Not that it’s all that surprising to me, either.  Seriously?  Gaining only 15 pounds with a pregnancy?  That’s cray-cray.  I’d like to say that I’ve been eating really well.  And I can tell you that I had a salad for lunch yesterday.  But then I might conveniently leave out the part where I didn’t finish it (there was too much dressing), and instead went back for a second biscuit. Ahem, a second cheese biscuit.

Oh, and then there were the bananas that I bought to add into protein pancakes or to top English muffins with peanut butter.  Instead, they sat too long, and I HAD to make some banana chocolate chip bread.  And then I HAD to proceed to eat 2 slices per day this week.  Luckily the hubby’s been eating more than that, and it’s finally gone.

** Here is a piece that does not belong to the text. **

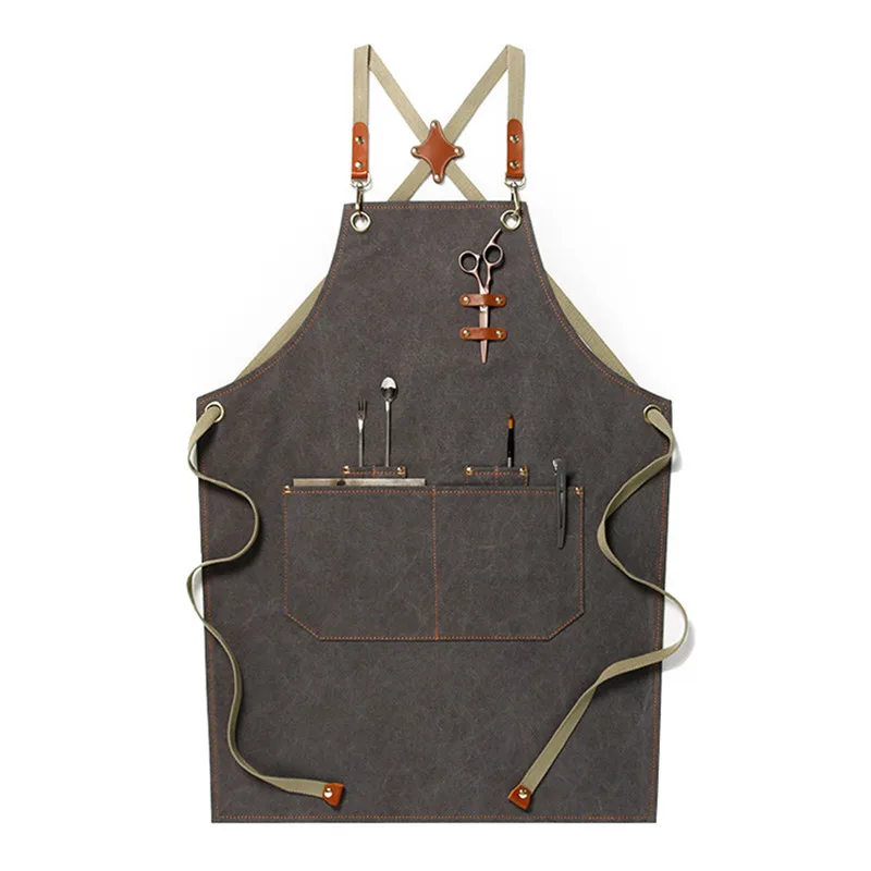 -- Описание... Купите 2 получите дополнительную скидку 10% (Купите 2 или более одного и того же товара, получите дополнительную скидку 10% автоматически) Унисекс серый и хаки холст длинный фартук с нагрудником с удобными карманами.Пожалуйста, отправьте нам свой логотип (ai/cdr), если вы хотите напечатать свой собственный логотип.
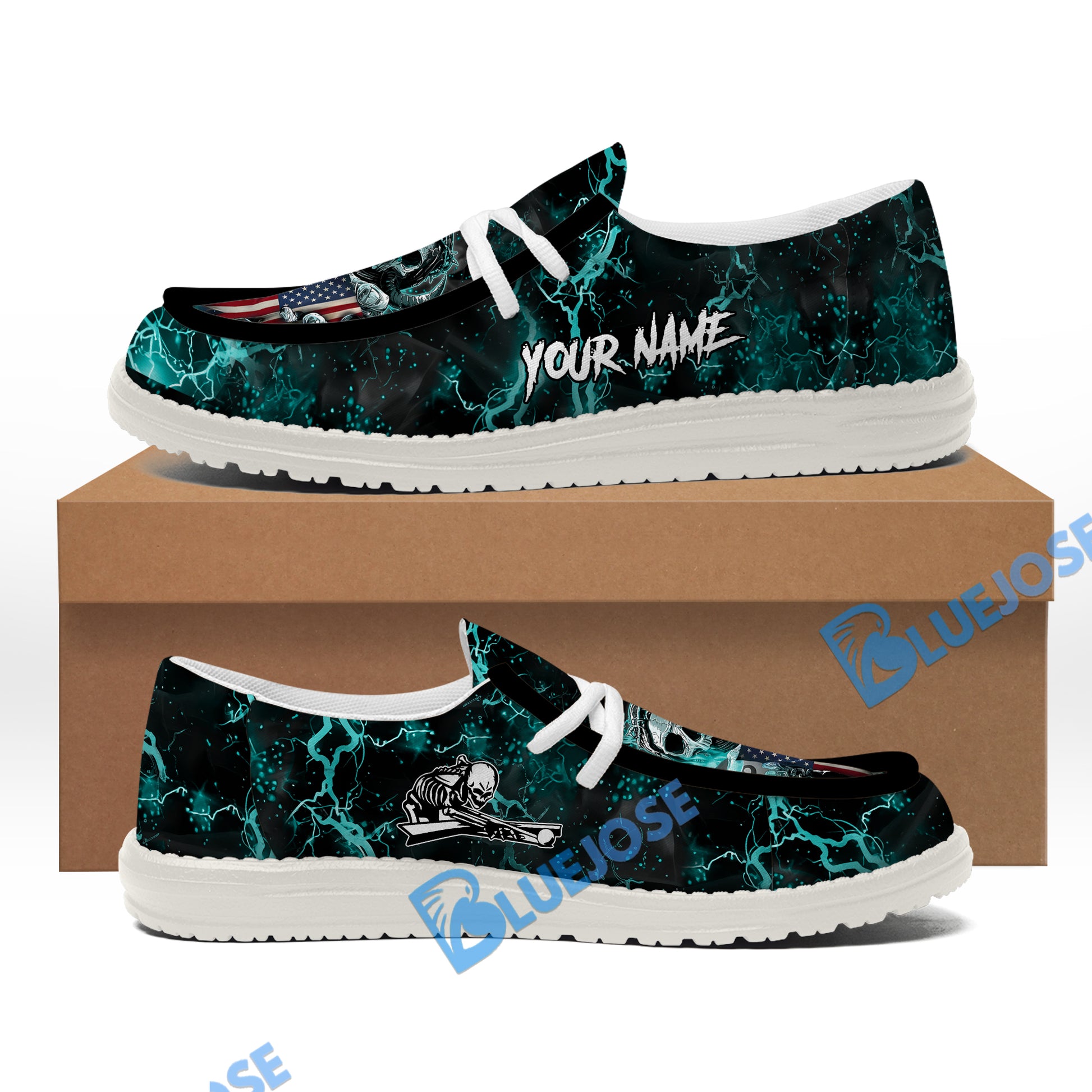 BlueJose Billiards Ball 8 Fire Skull US Flag Cyan White Canvas Loafer Shoes

I did not expect this to be this hard, folks.  I’m really not sure why, though.  I mean, I have tried my entire life.  ENTIRE LIFE! to lose weight, and now I’m just piling the pounds on like it’s my job.  19 pounds in 22.5 weeks isn’t ALL that terrible, and honestly, I really only look like I’ve gained some weight in the belly (it’s *thank goodness* not distributed itself to my face or upper arms — yet).  But knowing that I still have 17.5 weeks to go, and this kiddo is just going to grow & grow & grow, is terrifying.

I cried this morning, exclaiming that if I couldn’t control my need for ice cream, how could I possibly be a good mother.  I even said that I wished she was going to be a boy, because then he wouldn’t really worry about his weight like I do.  Friends, I am so scared that I am going to screw this little, innocent, perfect baby up.

Back to basics, my friends.  No, not a diet.  But tracking what I eat.  Doing my cardio.  Making good choices.  Setting myself up for success.